Shirley Sargent (July 12, 1927 – December 3, 2004) was an historian of the Yosemite area in the United States.

Sargent was born in Pasadena, California. Her father was a surveyor who helped rebuild the Tioga Road in Yosemite National Park, starting in 1936. So she had the good fortune of spending her childhood as a self-described "tomboy" in Yosemite. A rare crippling disease, dystonia musculorum deformans, kept her to a wheelchair from age 14, but that didn't stop her.

After writing Wawona's Yesterdays, she went on to write several other Yosemite History books, focusing on stories about people—making them come alive. Her most authoritative book is Galen Clark: Yosemite Guardian. Shirley self-published most of her books, with printer and historian Hank Johnson, under the name Flying Spur Press, and later under her own imprint Ponderosa Press. Other popular books of hers include Pioneers in Petticoats, John Muir in Yosemite National Park, Yosemite & Its Innkeepers, and Yosemite Chapel 1879-1989.

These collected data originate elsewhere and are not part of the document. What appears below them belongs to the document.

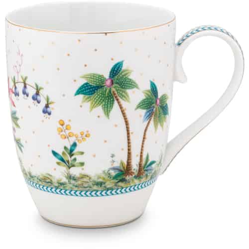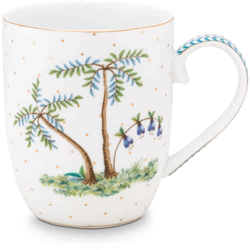 Her finner du en porselensskål med gyldne prikker på utsiden, gylden kant og fugl, trær og blomster på innsiden. Sjarmerende skåler dekorerer på bordet ditt. Pip Studio skål Jolie Flowers Dots Gold 15 cm, kjøp det online her. På engelsk kalles produktet "Bowl Jolie Flowers Dots Gold 15 cm", og det ble introdusert for første gang i sesongen "Pip Studio Home Collection Spring Summer 2021".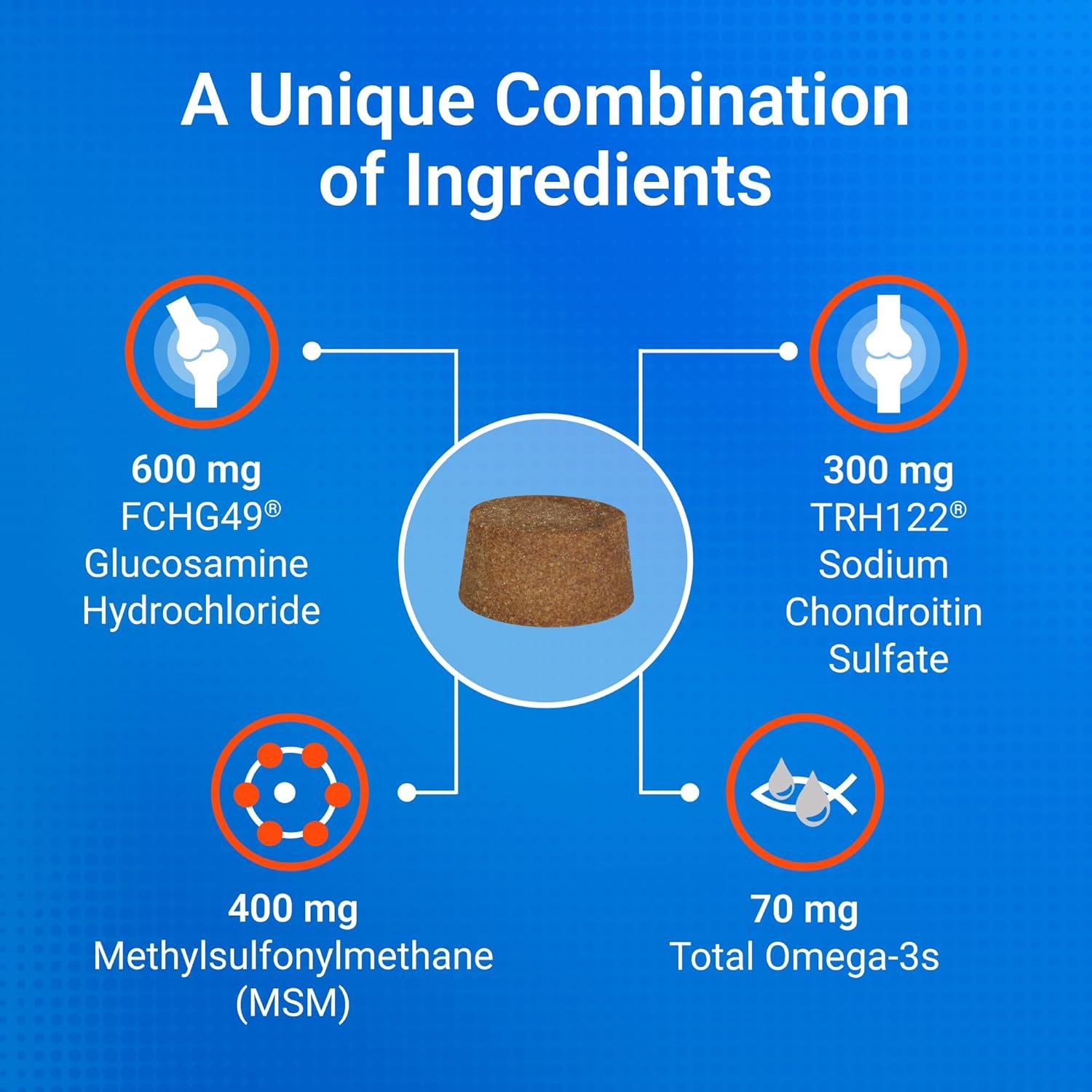 Joint Health Support for Dogs: Cosequin, the veterinarian recommended retail joint health supplement brand, contains glucosamine hydrochloride, sodium chondroitin sulfate, and methylsulfonylmethane (MSM) that helps support healthy cartilage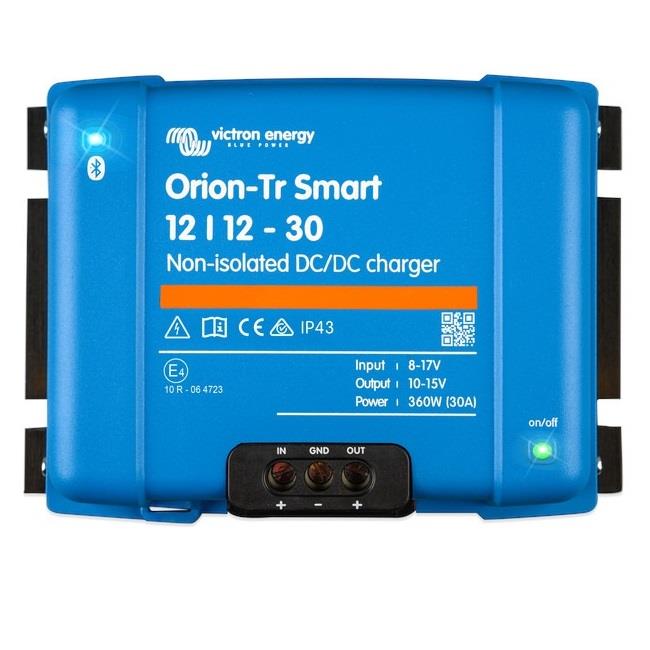 Orion-Tr Akıllı DC-DC şarj aleti, 3 aşamalı ve Bluetooth özellikli profesyonel bir DC-DC şarj cihazıdır. Servis akülerinin alternatör ve marş aküsüyle şarj edildiği taşıtlardaki veya su taşıtlarındaki çift batarya sistemleri için tasarlandı. Ünite Bluetooth üzerinden izlenebilir ve programlanabilir, bir açma/kapama anahtarıyla uzaktan kontrol edilebilir. Orion-Tr Smart şarj cihazı 12 V ve 24 V sistemlerde kullanılabilir. Hem kurşun asit, hem de lityum bataryalara uygundur. 400 W değerine kadar modeller mevcuttur, çıkış gücünü artırmak için sınırsız sayıda birim paralel bağlanabilir. Tam çıkış gücünü 40°C sıcaklığa kadar korumakla birlikte, ürün 55°C sıcaklığa kadar kullanılabilir.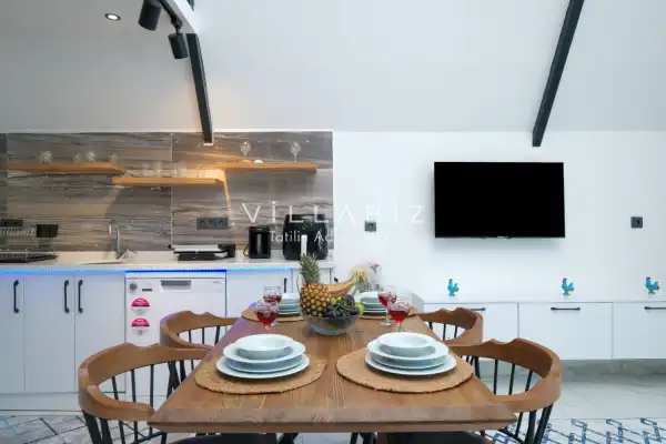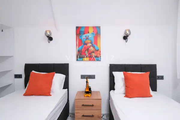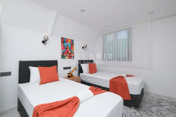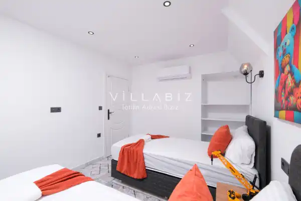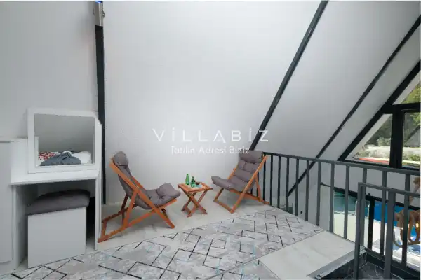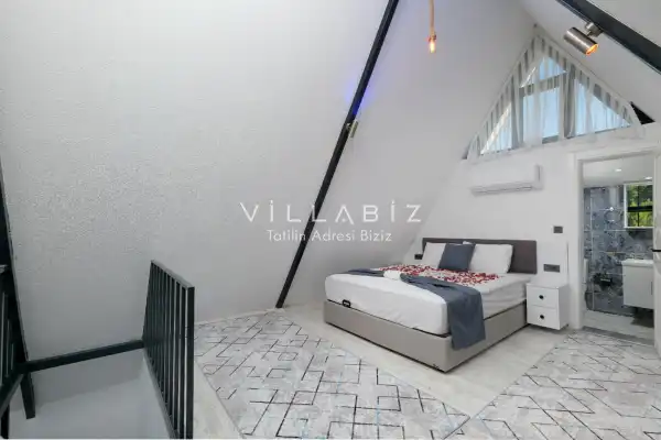 Toplam 2 yatak odasından oluşmuş, 4 kişi konaklama kapasitesine sahiptir. Çekirdek aileler ve arkadaş grupları için oldukça idealdir. Oldukça şık ve modern bir şekilde döşenmiş olan villamızda misafirlerimiz için her şey düşünülmüştür. Havuz terasında bulunan şezlonglarda güneşlenebilir, bahçe masasında muhteşem yemekler yiyebilir, salıncakta sallanıp keyifli dakikalar geçirebilirsiniz.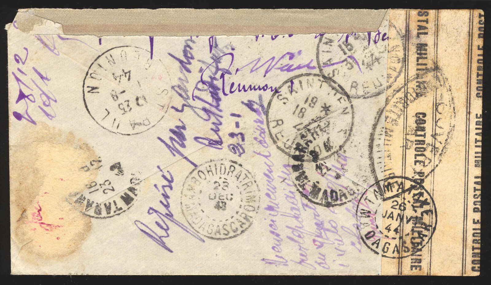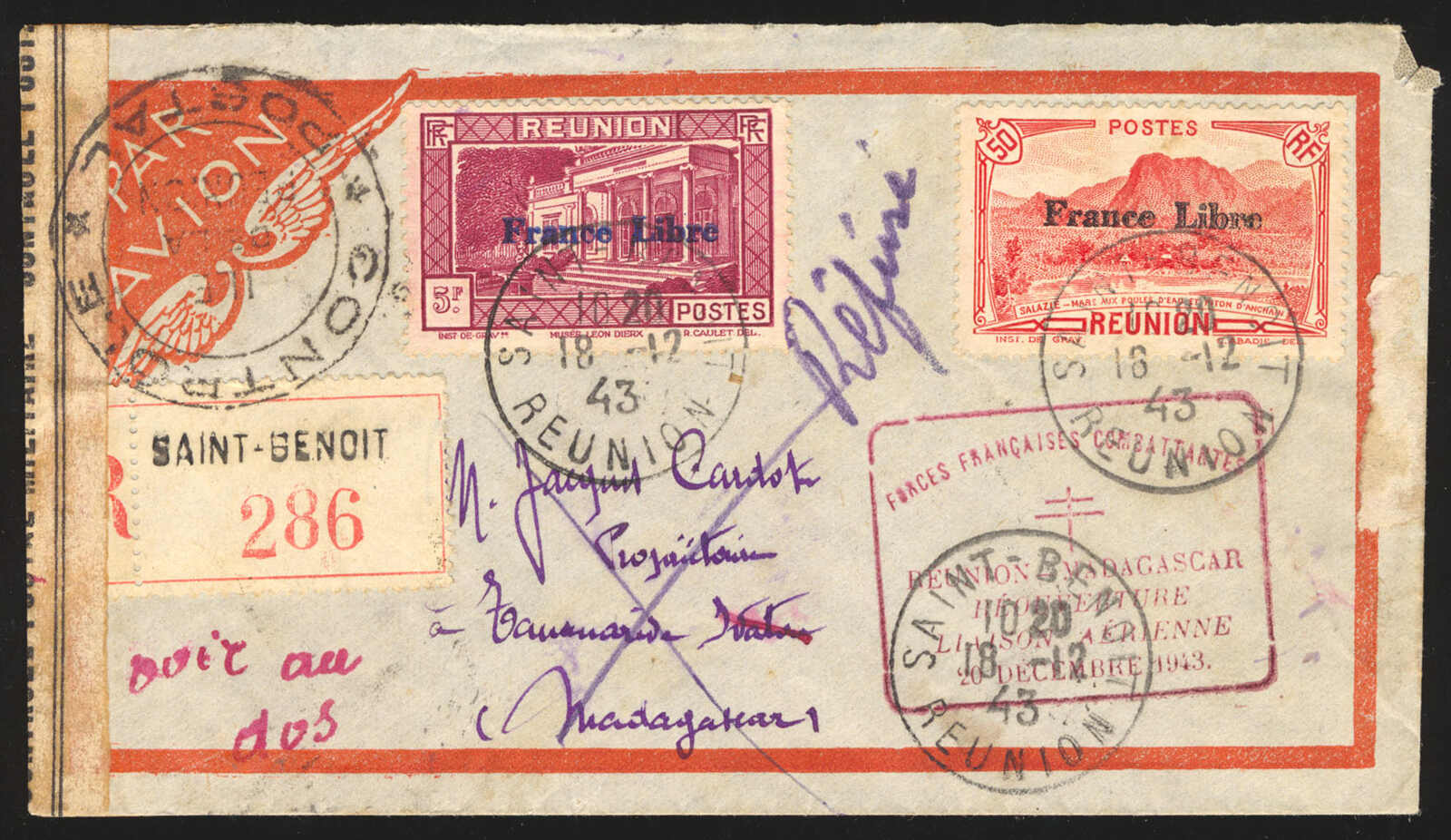 303 CVR   image1943 (18 December), Réunion “France Libre” first-flight registered airmail, Saint-Benoît to Madagascar, franked with 5f and 50c “France Libre” overprints tied by three strikes of SAINT-BENOÎT / RÉUNION 18-12-43 c.d.s., censored and registered from Saint-Benoît to Tananarive, showing the large boxed first-flight cachet FORCES FRANÇAISES COMBATTANTES / RÉUNION – MADAGASCAR / RÉOUVERTURE LIAISON AÉRIENNE / 20 DÉCEMBRE 1943, sealed and re-sealed with Contrôle Postal Militaire censor tape and handstamps, backstamped Ambohidratrimo (23 Dec) and Tananarive (23 Dec), refused on delivery with bold violet Refusé and returned via Tamatave (26 Jan), St-Paul transit and final Saint-Benoît (31 Jan) arrival, small flap tip excised, else a scarce and desirable Free French first-flight usage. (Image 1) (Image 2)

In 1961 she bought and built on Theodore Solomons' homesite in Foresta, California, which had only a fireplace surviving from a 1936 fire. She called her home Flying Spur, but it burned in the 1990 Yosemite A-Rock Fire, which also destroyed her historical papers. She rebuilt her home, but before her death she had to move to her parents' old home in Mariposa, California due to her illness. She died at her home there.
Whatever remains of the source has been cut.